«Autonomisons également notre langue»
Nuria Felipe Soria est spécialiste en communication à ONU Femmes. Elle a été membre de la délégation espagnole à la Conférence de Beijing, où elle assurait la communication et la liaison avec les organisations de la société civile.Date:
Étant une communicatrice et travaillant avec les mots, je souhaite aujourd’hui revendiquer la langue comme outil de changement.

Vingt ans après la Conférence de Beijing, je travaille dans une Entité des Nations Unies qui se consacre à l’égalité des sexes et l’autonomisation des femmes. Mais ces termes, en 1995, étaient encore tabous, du moins dans les traductions officielles de la Déclaration et du Programme d’action de Beijing.
Dans le forum d’ONG qui s’est tenu en parallèle à Huairou, les féministes du monde entier, y compris notre délégation espagnole, parlaient d’autonomisation, d’égalité des sexes et de la diversité des femmes, tandis que dans les services de traduction officielle, certaines personnes se refusaient à appeler les choses par leur nom. Aucune trace de ces concepts dans la version espagnole officielle de la Déclaration et du Programme ! Aujourd’hui encore, je n’ai pas trouvé d’explication convaincante sur les raisons pour lesquelles la version anglaise du Programme parle de la Conférence mondiale des femmes au pluriel, alors que la version espagnole officielle parle de la femme, comme si 51 pour cent de la population avait un seul et même visage.

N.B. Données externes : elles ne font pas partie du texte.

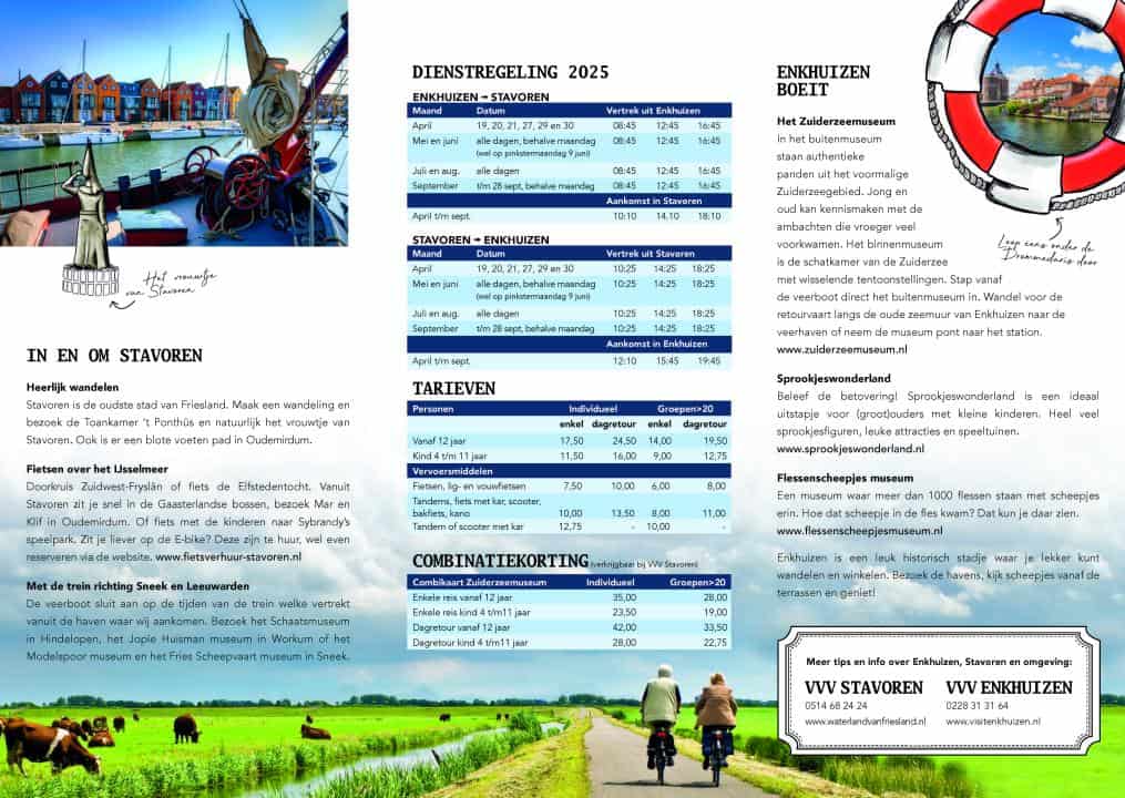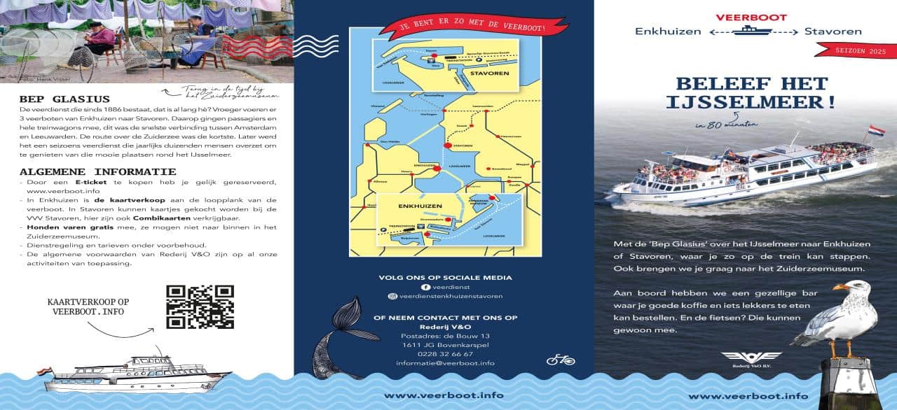 Vaar je met ons mee? Met de “BEP GLASIUS” over het IJsselmeer. Van Enkhuizen naar Stavoren, of omgekeerd. De boot meert aan vlakbij het treinstation. Je fiets kan mee aan boord voor een fietstochtje aan de overkant of als onderdeel van de fietsvakantie. In Enkhuizen hebben we het Zuiderzeemuseum, een gezellige haven waar je lekker kunt eten en een leuk stadje. In Stavoren natuurlijk even langs het bekende vrouwtje en dan de natuur in!

Ce fut l’une des rares épines que nous, la délégation espagnole, avons rapporté avec nous. Les acquis ont été si nombreux à être réaffirmés à Beijing. Mais comment pouvait-on rentrer chez nous avec un texte où ne figurait pas le mot empoderamiento (autonomisation) ? Le mécanisme national pour l’égalité, l’Institut de la Femme pour lequel je travaillais en 1995, a ainsi décidé de rectifier la situation en publiant une version adaptée de la Déclaration et du Programme de Beijing. J’ai eu la satisfaction de coordonner cette révision, que nous avons largement partagée avec la société espagnole. Dans cette version, nous avons utilisé le terme « genre » au sens que lui ont donné la pensée et la recherche féministes, ainsi que des concepts tels que « parité » et, bien sûr, « autonomisation » au lieu du terme limitatif « renforcement du rôle de la femme », qui figurait dans le texte original.
Le pouvoir transformateur de la langue va certainement beaucoup plus loin, et nous, en tant que communicatrices et communicateurs, avons la grande chance de décrire le monde sous d’autres angles. Et c’est là l’une des missions du Programme d’action.
Chaque jour, lorsque j’arrive au travail à ONU Femmes et que je regarde le logo de notre organisme qui nous rappelle ces idées et valeurs pour lesquelles nous nous battons tant, je souris et me dis : « Nous avons bien sûr progressé ». Bravo Beijing!